Townsend was keen to stress that he did not feel the trials and tribulations Scotland have faced over the last two months are unique to his team.

“Mental errors, whether it’s a lack of focus or someone not recovering well after a mistake … that’s sport,” he argued. “It happens to the best teams. I’m sure Ireland will be disappointed with how they did things against England last week. England would’ve been disappointed with how they played against us.

“We’ve been working really hard on it, and it’s still a work on, like all aspects of our game will be. When you look back, you can say we lost our focus in Italy, or our intensity and togetherness in that third quarter, but you look at the England game after going behind and how together they were and how mentally strong they were then.

“Look at today and how mentally strong we were. Errors will happen, skill or focus errors, it’s about how you recover from them that’s key. Against Italy we didn’t recover quickly enough, today we did.

“We’ve worked really hard on it and we’re getting some rewards.

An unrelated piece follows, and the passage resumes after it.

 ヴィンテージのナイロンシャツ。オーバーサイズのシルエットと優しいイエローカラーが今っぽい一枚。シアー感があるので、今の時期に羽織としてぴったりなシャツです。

We made it a priority of our training sessions.  There will be bumps in the road but today was strong evidence we’re going in the right direction.

“We’ve played five games, and we’ve either won it or we’ve come within a score. I think that shows the competitiveness of the team, and also the expectations we have of ourselves [because] we were frustrated we weren’t playing for the title today.”

 

 

Townsend will now have to nurse his frustration until at least the summer, when his team is back in action on a four match tour which will take in meetings against Canada, USA, Chile and Uruguay.

In reality – despite all of those games being classed as Test matches – this is set to be more of a development expedition against tier two opposition, meaning that a significant number of senior players will be rested at the end of a long World Cup year while a selection of novices will get a chance to impress, perhaps even before they’ve cut their teeth at pro team level.

“We’ve known for a while that we were going to be given USA and Canada as our two games [this summer], so we’ve been working hard to expand that,” Townsend explained. “We had a desire from Uruguay and Chile, and World Rugby, to see if we could facilitate that. It works really well for us in that we’re kind of in the same part of the world.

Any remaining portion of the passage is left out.